CELL/SPALDING ET ALAbove-ground nuclear bomb tests carried out more than 50 years ago resulted in elevated atmospheric levels of the radioactive carbon-14 isotope (14C), which steadily declined over time. In a study published yesterday (June 7) in Cell, researchers used measurements of 14C concentration in the DNA of brain cells from deceased patients to determine the neurons’ age, and demonstrated that there is substantial adult neurogenesis in the human hippocampus.

“We provide thorough information on the extent of neurogenesis and we show that there is surprisingly large amount,” said study author Jonas Frisén of the Karolinksa Institute in Stockholm, Sweden.

“It’s a very impressive achievement,” said Gerd Kempermann of the German Center for Neurodegenerative Diseases in Dresden, who was not involved with the study. “It’s welcome to the field as a long-sought confirmation, but it’s also more, because they model the dynamics” of adult...

The first direct evidence for adult neurogenesis in humans came in 1998, but the method used—injecting a chemical label that permanently integrates into the DNA of dividing brain cells—is no longer available to researchers due to safety concerns, so the results were never replicated. In addition, the technique could not provide information on the number of new neurons generated, so it was impossible to see if neurogenesis occurs in humans to the same extent as in rodents, in which new neurons are known to influence brain function.
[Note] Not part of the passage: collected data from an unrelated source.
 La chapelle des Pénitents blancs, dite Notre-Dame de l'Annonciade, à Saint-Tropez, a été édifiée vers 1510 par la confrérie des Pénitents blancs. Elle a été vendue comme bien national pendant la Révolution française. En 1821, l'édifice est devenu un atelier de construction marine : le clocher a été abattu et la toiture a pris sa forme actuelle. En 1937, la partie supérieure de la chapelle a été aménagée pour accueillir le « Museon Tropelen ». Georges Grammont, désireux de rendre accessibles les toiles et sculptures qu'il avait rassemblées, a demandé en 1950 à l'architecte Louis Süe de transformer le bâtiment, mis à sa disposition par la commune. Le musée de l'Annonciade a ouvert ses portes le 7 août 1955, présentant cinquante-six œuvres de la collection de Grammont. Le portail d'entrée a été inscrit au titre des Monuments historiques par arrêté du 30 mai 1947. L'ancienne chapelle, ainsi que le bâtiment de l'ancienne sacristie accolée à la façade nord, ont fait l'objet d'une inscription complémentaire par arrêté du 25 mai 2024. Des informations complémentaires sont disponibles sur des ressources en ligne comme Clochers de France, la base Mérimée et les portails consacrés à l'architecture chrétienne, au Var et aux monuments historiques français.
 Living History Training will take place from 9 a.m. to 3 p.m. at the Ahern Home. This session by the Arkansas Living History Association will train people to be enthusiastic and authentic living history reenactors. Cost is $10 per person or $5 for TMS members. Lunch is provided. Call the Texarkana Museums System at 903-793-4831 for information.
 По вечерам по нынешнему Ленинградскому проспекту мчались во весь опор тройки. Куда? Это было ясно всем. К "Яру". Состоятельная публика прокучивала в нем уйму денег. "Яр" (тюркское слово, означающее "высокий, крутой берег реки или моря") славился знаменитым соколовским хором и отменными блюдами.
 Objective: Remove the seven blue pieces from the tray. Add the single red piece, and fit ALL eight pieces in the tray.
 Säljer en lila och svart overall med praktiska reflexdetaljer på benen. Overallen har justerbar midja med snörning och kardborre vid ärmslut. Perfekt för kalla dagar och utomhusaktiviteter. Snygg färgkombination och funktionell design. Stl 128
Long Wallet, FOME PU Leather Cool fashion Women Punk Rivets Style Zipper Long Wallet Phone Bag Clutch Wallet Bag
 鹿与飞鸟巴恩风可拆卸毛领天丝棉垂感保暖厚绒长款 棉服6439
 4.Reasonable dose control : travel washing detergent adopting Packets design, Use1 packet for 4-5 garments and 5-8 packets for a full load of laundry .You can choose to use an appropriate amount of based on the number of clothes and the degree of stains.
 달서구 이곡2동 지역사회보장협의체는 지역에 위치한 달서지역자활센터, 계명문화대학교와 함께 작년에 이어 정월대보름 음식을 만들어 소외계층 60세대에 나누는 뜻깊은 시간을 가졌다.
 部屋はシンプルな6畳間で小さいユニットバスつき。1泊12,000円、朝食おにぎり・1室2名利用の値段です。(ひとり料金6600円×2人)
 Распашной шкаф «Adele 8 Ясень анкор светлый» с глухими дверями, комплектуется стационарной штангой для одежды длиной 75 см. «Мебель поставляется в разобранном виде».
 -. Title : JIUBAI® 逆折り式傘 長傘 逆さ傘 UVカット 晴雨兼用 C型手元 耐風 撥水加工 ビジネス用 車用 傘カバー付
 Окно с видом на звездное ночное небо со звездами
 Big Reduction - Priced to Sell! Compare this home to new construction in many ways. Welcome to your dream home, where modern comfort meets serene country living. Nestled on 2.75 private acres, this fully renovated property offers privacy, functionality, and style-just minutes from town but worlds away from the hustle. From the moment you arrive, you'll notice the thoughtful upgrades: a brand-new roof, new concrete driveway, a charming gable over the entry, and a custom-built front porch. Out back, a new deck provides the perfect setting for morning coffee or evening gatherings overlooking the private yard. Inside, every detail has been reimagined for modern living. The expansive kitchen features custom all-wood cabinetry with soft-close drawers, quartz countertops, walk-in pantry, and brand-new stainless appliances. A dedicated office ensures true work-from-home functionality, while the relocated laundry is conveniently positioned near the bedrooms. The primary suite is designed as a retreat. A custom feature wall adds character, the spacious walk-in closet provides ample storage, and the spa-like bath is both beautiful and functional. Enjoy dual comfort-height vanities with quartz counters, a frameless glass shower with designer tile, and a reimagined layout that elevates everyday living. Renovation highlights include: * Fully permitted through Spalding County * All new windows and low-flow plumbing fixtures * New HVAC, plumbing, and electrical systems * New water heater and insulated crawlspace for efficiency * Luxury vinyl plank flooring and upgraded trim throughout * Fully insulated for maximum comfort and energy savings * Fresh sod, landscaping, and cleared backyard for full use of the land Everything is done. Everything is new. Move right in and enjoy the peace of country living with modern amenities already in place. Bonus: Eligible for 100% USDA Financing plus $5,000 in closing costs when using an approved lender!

To study neuronal turnover in humans, Frisén and colleagues developed a strategy to retrospectively date cells in post mortem brains by measuring the levels of 14C. Since 14C is taken up by plants, and by animals that eat plants, humans also take up 14C at atmospheric levels—which have been declining at a known rate since the Limited Test Ban Treaty of 1963 put an end to above-surface nuclear bomb testing.

The 14C finds its way into the DNA of proliferating cells, where it is integrated into chromosomes as they are duplicated before division. The proportion of 14C compared to the stable, and vastly more abundant, carbon-12 isotope (12C), the levels of which remain constant over time, provides a date of birth for individual cells. “Basically, 14C provides a timestamp in every new-born brain cell,” said Frisén, “and we have measured the age of brain cells by reading that timestamp.”

The researchers investigated the brains of 55 individuals of various ages, from 19 to 92. Based on the ratio of 14C to 12C in DNA of neurons in the dentate gyrus—a portion of the hippocampus known to be important for learning and memory, where neurogenesis is thought to take place—the team created a mathematical model to estimate the rate of turnover of neurons. They calculated that one-third of the neurons in the hippocampus are regularly renewed throughout life, amounting to the addition of roughly 1,400 new neurons per day, with the rate declining modestly with age.

In the proposed model, a subpopulation of neurons continuously renews, whereas another population does not renew at all. The renewing cells live for a much shorter period of time than others, but are continuously turned over.

In mice, hippocampal neurons have enhanced synaptic plasticity for a limited time after differentiation—meaning they more readily adapt the strength of connections in response to new stimuli. “These [young cells] are required for separating similar experiences as distinct memories,” said Frisén. “For us that means telling apart the Beatles and the Rolling Stones, rather than lumping the two together as rock and roll music.”

If new neurons are also more plastic in humans, he suggests, neurogenesis may play a key role in brain function by maintaining a steady supply of younger cells—even though there is an overall loss of hippocampal neurons as we age.

“By staying ‘forever young,’ the dentate gyrus could command unique solutions to computational problems only found in the brain region central to learning, memory, and many higher cognitive functions considered essential for humans,” wrote Kempermann in a perspective on the paper in Science.

Moreover, there is evidence from animal models that reduced neurogenesis is implicated in psychiatric disease, leading Frisén and colleagues to suggest that young neurons in the dentate gyrus may also play a key role in mood regulation. “What we want to do next is to look back at medical history of these [and other] subjects . . . to see if depression or other psychiatric conditions appear to be related to neurogenesis,” he said.

K.L Spalding et al., “Dynamics of hippocampal neurogenesis in adult humans,” Cell, 153:1219-27, 2013.